Los
pueblos, las ciudades, tienen su alma y su fisonomía física al igual que los
hombres. Tienen su pasado, su presente y tendrán una señal en los tiempos o
pasan desapercibidas; y a veces hasta desaparecen de la faz de la tierra,
sin dejar rastros, o los dejan para descubrirse después de siglos.
Nuestro Salto tiene el privilegio de estar dejando constantemente rastros de
su vida, ha tenido la virtud de haber crecido y vivido intensamente, de
habernos dejado sus hijos del ayer una sólida base de cultura, de progreso,
de intenso vivir que, a quienes transitamos en este presente – futuro para
aquellos que ya se fueron - nos cabe la responsabilidad grande de mantener
llenos los cálices de la actividad que nos guarda de caer en el olvido o
dormir sobre los atributos de pasadas glorias.

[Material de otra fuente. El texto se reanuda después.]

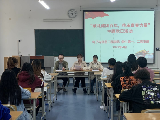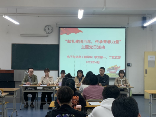 为庆祝中国共产主义青年团成立100周年,喜迎中国共产党第二十次全国代表大会即将召开,为落实立德树人根本任务,加强爱国主义教育,引导和激励青年坚定理想信念,以思想价值教育引领学风建设,培养德智体美劳全面发展的社会主义建设者和接班人。4月20日下午,在江北校区1321教室,电信学院学生第一、二党支部联合开展政治理论学习暨“献礼建团百年,传承青春力量”主题党日活动。党总支组织委员成英丽,学生第一党支部书记程晓梅、组织(纪检)委员张宇航,学生第二党支部书记李章雨、组织(纪检)委员石纭昊,辅导员吕以宁和在校学生党员参加,主题党日活动由学生第一党支部书记程晓梅主持。

Salto no nació por uno de esos azares como de los que han nacido tantos
pueblos. No fueron apareciendo ranchos a lo largo de un camino. Su
nacimiento se debió a un propósito preestablecido, por interés geográfico o
militar, pero decidido sí por quienes regían nuestros destinos en el siglo
18. Un rincón ancho y manso río, a veces embravecido por las turbulentas
aguas de una crecida.
Un
arrullo de cascadas que hacían más limpias sus aguas; el encuadre entre el
Sauzal y el Ceibal, y los montes cimarrones del Este, ubicaron a Salto
dentro de un paisaje acuchillado, que a la vista, desde el atalaya del
Cerro se encuentran siempre con distintos y hermosos aspectos cada mañana.
Las
luchas por la emancipación y luego las fratricidas, encontraron siempre a
Salto en el cruce de los caminos. Primeros los indios - empujados cada vez
más al Norte por la civilización - acosaban a Salto con sus malones, luego
Artigas en viaje al Ayuí dejó sus huellas con sabor a patria; más tarde la
Guerra Grande trajo dolor y miedo ante el paso de las fuerzas de Rosas y
finalmente los últimos brillos de los turbulentos caudillos blancos y
colorados, hicieron cambiar de mano nuestra villa muchas veces.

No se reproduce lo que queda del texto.